Der Chefarzt sagte erst nichts. Dann sagte er, geradeaus blickend: „Aha. Ja…dankeschön.“ Er blickte zum Oberarzt, der mit am Tisch stand, und beide…kicherten, wie alte Männer eben kichern, eher ein Schnauben, stimmlos, aber unüberhörbar. Der Rest der OP verlief in sturem Wir-ignorieren-die-Praktikantin-Modus, irgendwann wurde ich dann glücklicherweise auch beinahe-ohnmächtig (wie es mir bei OPs so oft passiert) und trat vom OP-Tisch ab. Die nächsten Male, die ich mit dem Chefarzt operieren durfte musste, traute ich mich nicht mehr, das Thema anzusprechen. Stattdessen fragte ich eine Assistenzärztin auf Station sehr schüchtern danach. Sie druckste herum. Ihr war anzumerken, dass sie beinahe auf Spott gegen mich ausgewichen wäre, um das Thema nicht zu besprechen. Sie entschied sich dann für ein wie-selbstverständlich-klingendes: „Tja, das ist eben einfach seine Art.“ Damit war die Sache für sie beendet.

Letzten Endes war es mein Vater, der tatsächlich einmal eine hilfreiche Idee hatte, und so rief ich die Hygienebeauftragte der Uniklinik an schob ich es zwei Wochen vor mir her, bei der Hygienebeauftragten der Uniklinik anzurufen, um nach dem Ende der Famulatur den Chefarzt persönlich anzuschwärzen.

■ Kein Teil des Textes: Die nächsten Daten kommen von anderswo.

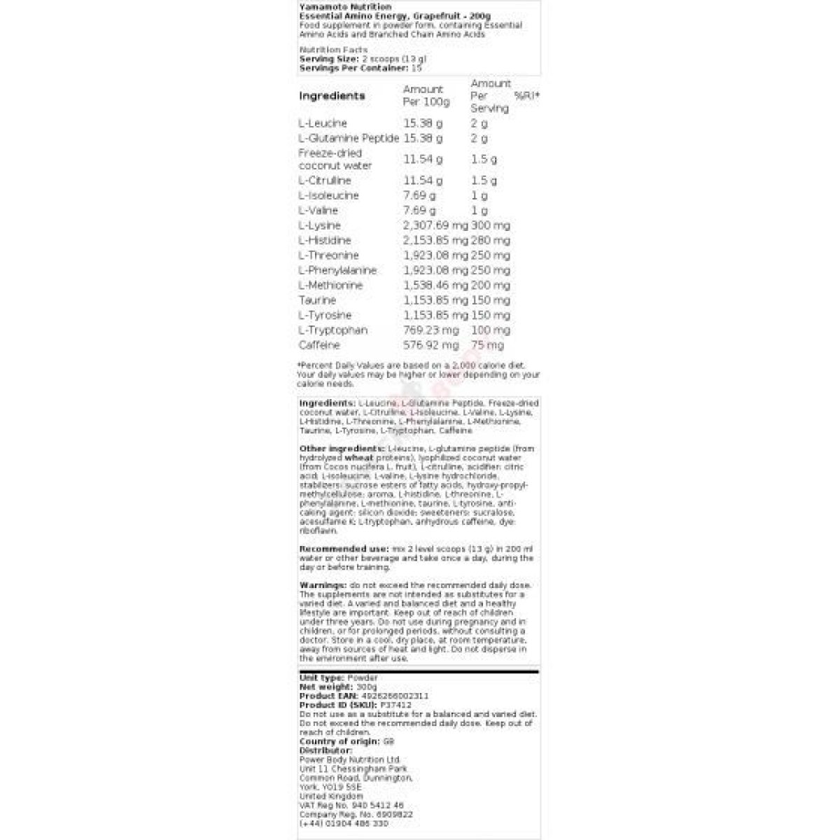 | Handelsname | Je nach Marke und Formulierung unterschiedlich (z. B. AminoX, Optimum Nutrition Essential Amino Energy) |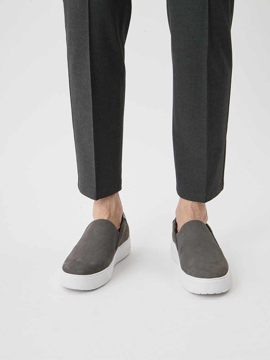 足元は変わらずすっきりとしているので、革靴やスニーカーなどアイテムを選ばずに穿ける仕上がりに。

Heute habe ich es endlich getan. Ich war sehr unsicher, telefonierte mit mehreren Personen, erzählte allen zu ausführlich mein Problem, um dann weiterverwiesen zu werden (so eine Uniklinik ist groß). Hier schließt sich der Kreis zum Titel des Beitrags, und nach all dem Elend komme ich doch noch zum Wesentlichen: Ich habe es geschafft, mit der Hygienebeauftragten, die selbst studierte Medizinerin ist, zu sprechen, und fand bei ihr zwei sehr offene Ohren für dieses so banal wirkende Problem. Sie redete sehr lange über die verfehlte Vorbildfunktion dieses Professors, über „grundlegende Hygienestandards am Situs“ (= OP-Feld = offene_r Patient_in), über „Patientenschutz“, über das Alter dieses Chefarztes und die Ansicht solcher Männer (denn solche sind es beinahe immer: 1. alte 2. Männer; ich habe noch nie eine weibliche Chefärztin erlebt), sie seinen „Halbgötter in weiß“ und seien so gut, dass sie „auch locker einen Kaiserschnitt auf einer Kuhwiese durchführen könnten“.

(Das erinnerte mich an den Famulaturbericht zweier Mitstudenten, die in Indonesien waren und auch berichteten, dass dort ohne Mundschutz operiert werde. Was wohl daran liegt, dass Indonesien schlechte medizinische Standards hat und solche Dinger vielleicht gar nicht vorhanden waren. Hier ist es dasselbe, basierend auf der Arroganz eines alten Mannes.)

Ich telefonierte Die Hygienebeauftragte telefonierte eine halbe Stunde mit mir (ich sagte meistens nur: hm, ja…) und regte sich kräftig über alles auf, und es war Balsam für meine Seele. Nachdem wir aufgelegt hatten, war ich auf eine Art froh und erleichtert, als hätte das meine ganzen deprimierenden Erlebnisse der letzten Wochen ein wenig relativiert, allein durch das Wissen, dass ich nicht nur überempfindlich bin, und dass das System wirklich ein Scheißsystem ist. Zuletzt kündigte sie an, unabhängige Kommissionen „wie zufällig“ die OP-Säle der Viszeralchirurgie inspizieren zu lassen, die Statistiken der Wundinfektionen einzusehen und den ärztlichen Direktor, der der direkte Vorgesetzte der Chefärzte ist, in Kenntnis zu setzen, und ich war ziemlich baff, was ich gerade bewirkt hatte nur mit einem Anruf wegen eines Mundschutzes.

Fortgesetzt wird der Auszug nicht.